Japan chip market slowing
Responding to fewer orders, Japan's largest semiconductor manufacturers will delay new production launches.
According to a report in Nihon Keizai Shimbun, Japan's largest business daily, top Japanese chipmakers are trimming ambitious production plans formulated during a two-year bull market.
Toshiba has decided to postponed starting a new semiconductor plant, in the face of sluggish demand, the report said.
The company has also decided to convert production lines in an existing plant from 16-megabit Dynamic RAMs (DRAMs) to chips used in telecommunications equipment, the report said. DRAMs, particularly the 16-megabit variety, have been battered by steeper-than-usual price drops over the last 12 months due to a supply glut.
Fujitsu has also delayed construction of a large semiconductor facility.
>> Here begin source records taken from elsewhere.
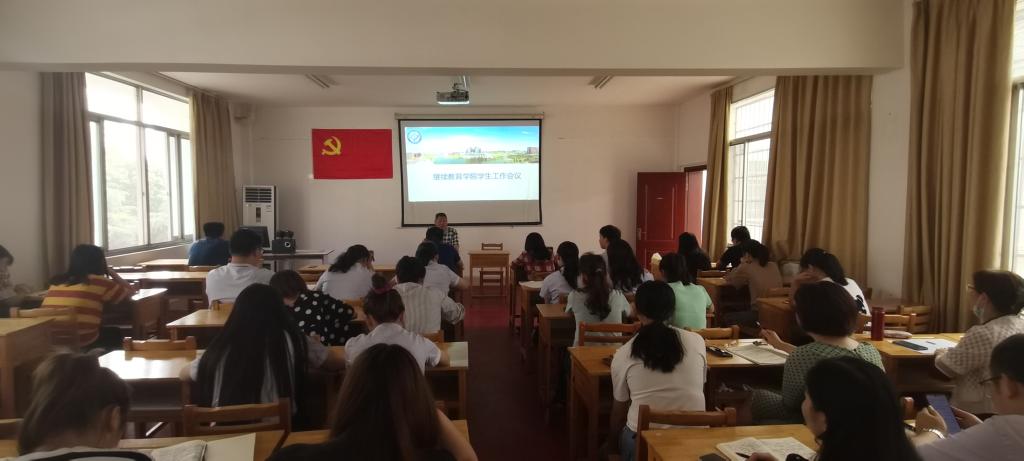 6月1日上午,继续教育学院在15教402召开学生工作会议,学院党总支副书记兼副院长方碧波、学工部主任刘卓明、学工部老师及校企合作部的全体班主任参加。
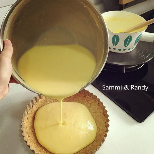 6、再将冷藏30分钟的派皮取出,倒入芒果慕斯,把派盆稍微敲一下,让里面的空气跑出,就可以在放入冰箱冷藏至少3小时至凝固。
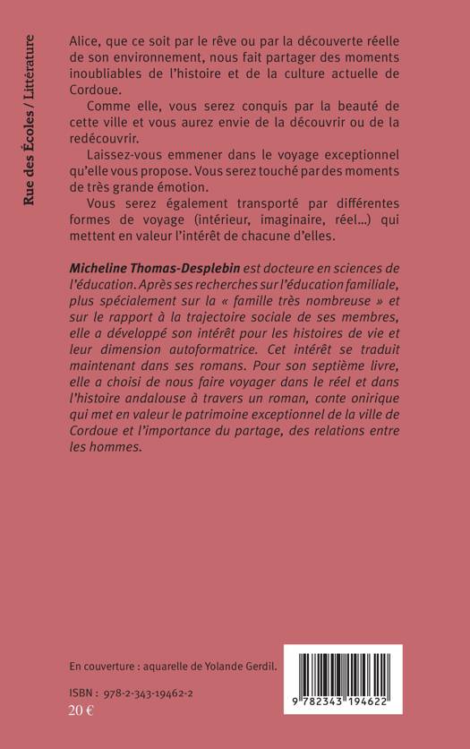 À l'occasion de son voyage à Cordoue, Alice traverse la ville, découvre son patrimoine et les hommes qui en ont hérité. Elle revit alors les moments extraordinaires de l'histoire d'Al-Andalus, région mythique, et se promenant entre rêve et réalité, rebrousse chemin dans l'histoire, à la recherche de ce qu'elle raconte sur chacun.
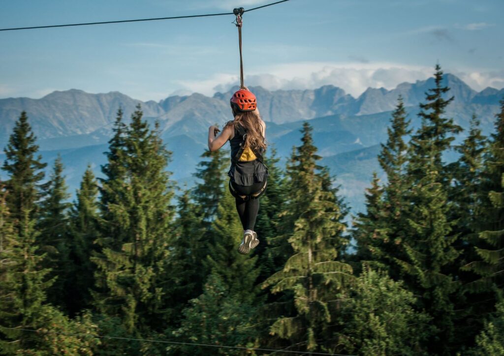 Położony na samym szczycie Gubałówki na wysokości aż 1126 m n.p.m park linowy z najdłuższą na podhalu tyrolką robi ogromne wrażenie na wszystkich uczestnikach. Przygotowanych jest tutaj kilka tras o różnym poziomie trudności dla większej satysfakcji każdej z osób biorących udział w tej zabawie. Niezależnie od tego którą trasą się poruszacie nad Waszym bezpieczeństwem stale będzie czuwać wykwalifikowany instruktor. A jeśli się odważycie na trochę więcej adrenaliny to zjazd z 350 m tyrolki zawieszonej 9 m nad ziemią na pewno Wam jej dostarczy i zapewni niezapomniane wrażenia z widokiem na Giewont.

Moreover, NEC may be planning to cut back on investment in new production capacity, the newspaper said.
Companies are making adjustments in the hopes of stemming a continuation of steep price declines for memory chips. These adjustments have already had some impact: Prices for computer memory chips used in add-in memory modules for personal computers have been creeping back up.
But there are dark clouds on the horizon. Orders for chip-making equipment, a barometer for chip production trends, fell in January, according to the newspaper.
January orders for semiconductor manufacturing equipment dropped 12.2% from the previous year to 60.29 billion yen, according to a report from the Semiconductor Equipment Association of Japan, the newspaper said.